Content starts

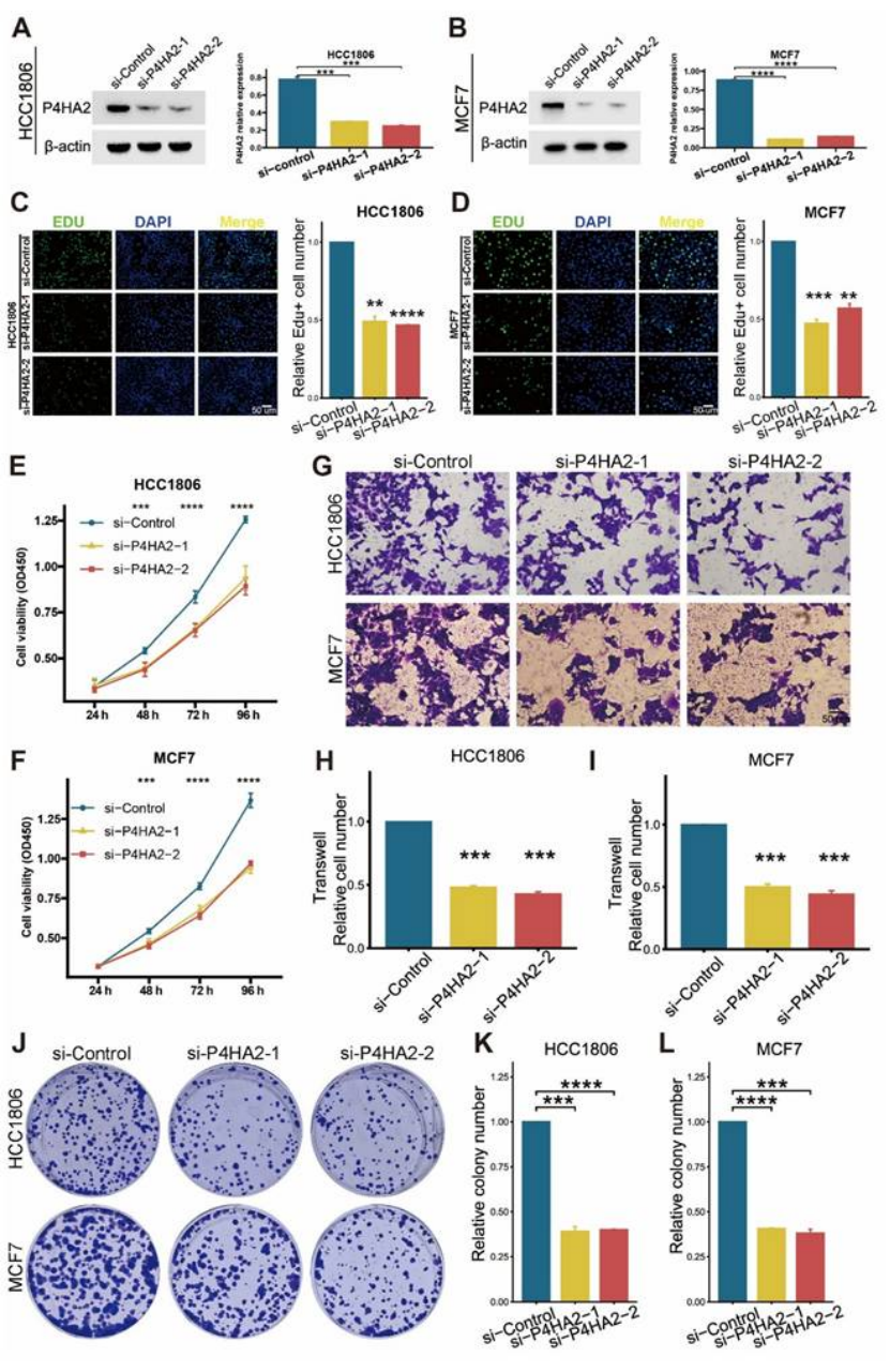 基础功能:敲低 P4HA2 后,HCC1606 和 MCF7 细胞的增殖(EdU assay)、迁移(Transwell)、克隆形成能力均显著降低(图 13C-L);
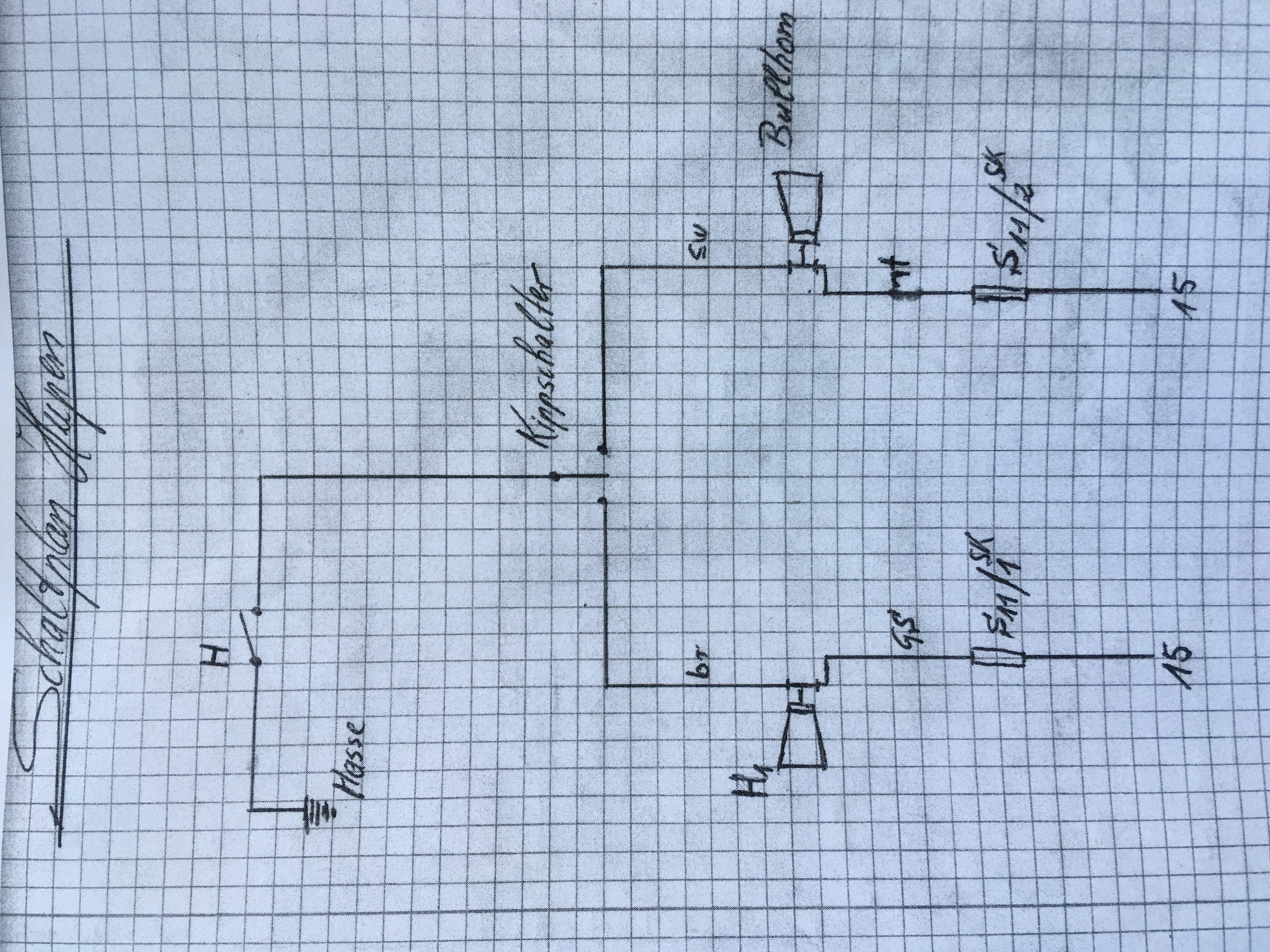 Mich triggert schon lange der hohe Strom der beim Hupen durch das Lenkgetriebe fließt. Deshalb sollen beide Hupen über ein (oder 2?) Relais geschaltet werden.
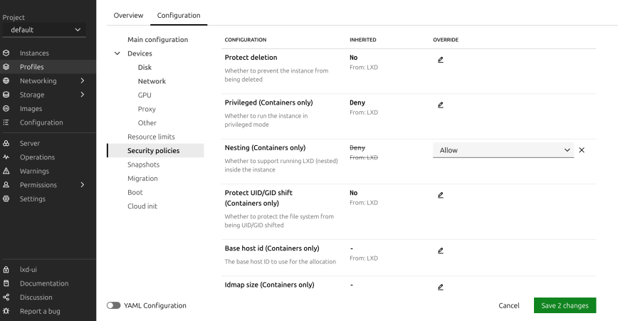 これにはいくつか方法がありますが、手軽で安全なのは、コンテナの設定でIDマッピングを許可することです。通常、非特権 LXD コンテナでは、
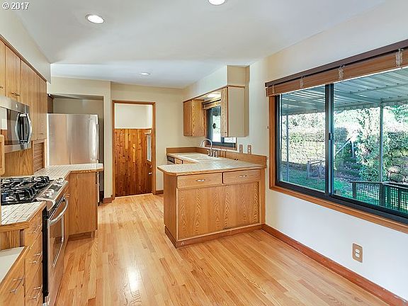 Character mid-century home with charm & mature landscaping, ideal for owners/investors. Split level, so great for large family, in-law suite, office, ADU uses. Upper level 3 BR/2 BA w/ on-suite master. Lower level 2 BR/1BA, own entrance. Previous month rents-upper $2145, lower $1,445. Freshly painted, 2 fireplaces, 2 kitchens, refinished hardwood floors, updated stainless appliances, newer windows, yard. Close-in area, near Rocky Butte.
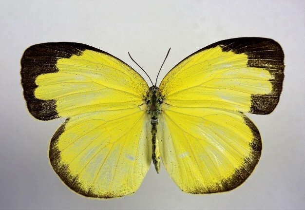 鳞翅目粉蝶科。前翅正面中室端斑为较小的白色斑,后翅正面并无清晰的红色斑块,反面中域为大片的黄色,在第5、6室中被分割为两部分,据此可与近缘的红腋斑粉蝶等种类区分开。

Content ends

Retype all the data exactly, please, without pictures.

 基础功能:敲低 P4HA2 后,HCC1606 和 MCF7 细胞的增殖(EdU assay)、迁移(Transwell)、克隆形成能力均显著降低(图 13C-L);
 Mich triggert schon lange der hohe Strom der beim Hupen durch das Lenkgetriebe fließt. Deshalb sollen beide Hupen über ein (oder 2?) Relais geschaltet werden.
 これにはいくつか方法がありますが、手軽で安全なのは、コンテナの設定でIDマッピングを許可することです。通常、非特権 LXD コンテナでは、
 Character mid-century home with charm & mature landscaping, ideal for owners/investors. Split level, so great for large family, in-law suite, office, ADU uses. Upper level 3 BR/2 BA w/ on-suite master. Lower level 2 BR/1BA, own entrance. Previous month rents-upper $2145, lower $1,445. Freshly painted, 2 fireplaces, 2 kitchens, refinished hardwood floors, updated stainless appliances, newer windows, yard. Close-in area, near Rocky Butte.
 鳞翅目粉蝶科。前翅正面中室端斑为较小的白色斑,后翅正面并无清晰的红色斑块,反面中域为大片的黄色,在第5、6室中被分割为两部分,据此可与近缘的红腋斑粉蝶等种类区分开。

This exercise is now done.